After correcting around 198.47 INR, Jio’s financial services are resuming their upward trajectory with Wave (5)

by VT Markets
/
Aug 5, 2025

Jio Financial Services has resumed its upward trend after reaching a low near 198.47 INR, completing a correction phase. This marked the beginning of wave (5) in a larger Elliott Wave sequence, initiating a bullish wave III.

The stock has demonstrated strong upward momentum since this low, developing a five-wave impulsive move in wave ((1)) of III. This latest wave began in April and was characterised by an impulsive wave (1), a corrective wave (2), followed by a strong wave (3) and a shallow wave (4) pullback.

The recent breakout indicates wave (5) of wave ((1)) is currently in progress, with further upside anticipated before entering a larger wave ((2)) correction. The crucial level for maintaining this bullish perspective is 198.47 INR, as staying above this suggests dips are corrective and present buying opportunities.

The ongoing rally forms part of a broader bullish cycle that started after the March low. Monitoring the development of wave (5) is advisable, with shallow pullbacks potentially providing advantageous risk-reward long positions as the wave III rally continues.

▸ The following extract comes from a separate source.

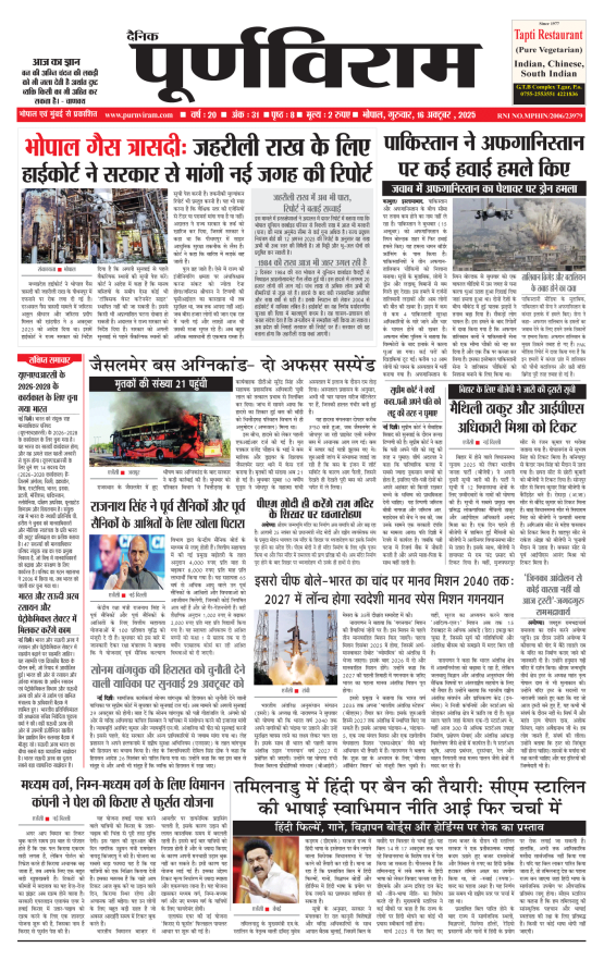 Purnviram Bhopal Edition 16 October 2025 Purnviram Bhopal Edition 16 October 2025 Go To Page: Page 1Page 2Page 3Page 4Page 5Page 6Page 7Page 8 × Purnviram Bhopal Edition 16 October 2025 12345678 << First << 1 2 3 >> Last >> 12345678

With Jio Financial Services resuming its uptrend, we see the current momentum as part of a larger bullish cycle. The stock has shown remarkable strength since the lows we saw back in March 2025, validating the start of a new primary rally. As of early August 2025, the price action remains strong, pushing past the 390 INR mark.

This move is supported by fundamental developments, including the strong first-quarter earnings for fiscal year 2026 reported last month. We saw a 22% quarter-over-quarter increase in assets under management (AUM), a figure that beat market expectations and fueled investor confidence. The broader market sentiment is also positive, with the Nifty 50 holding firmly above the 25,000 level for the past few weeks.

For the coming weeks, we believe buying call options on minor dips is a sound strategy. This allows traders to capitalize on the expected continuation of this final push in the smaller wave pattern. Look for shallow pullbacks towards the 375-380 INR range as potential entry points for short-term call positions with September 2025 expiry.

However, we must also prepare for the larger corrective wave ((2)) which is anticipated after this current rally concludes. As the stock approaches historically significant resistance near the 420-430 INR zone, we should consider taking profits on long positions. It would be prudent to start looking at protective put options to hedge against a sharper, albeit corrective, downturn.

Given the critical support level of 198.47 INR is still far below the current price, selling out-of-the-money puts can be an effective way to generate income. A bull put spread, perhaps selling the 360 INR strike and buying the 350 INR strike for the September 2025 series, offers a defined-risk way to bet that the price will remain above these levels. This strategy benefits from both the upward trend and time decay.

Monitoring the price action closely is key, as this current wave is likely in its late stages. We are looking for signs of exhaustion, such as decreasing volume on new highs, which would signal the impending start of the larger pullback. Historical data from similar fast-growing financial firms in 2022 and 2023 showed that after such parabolic runs, corrections can be swift.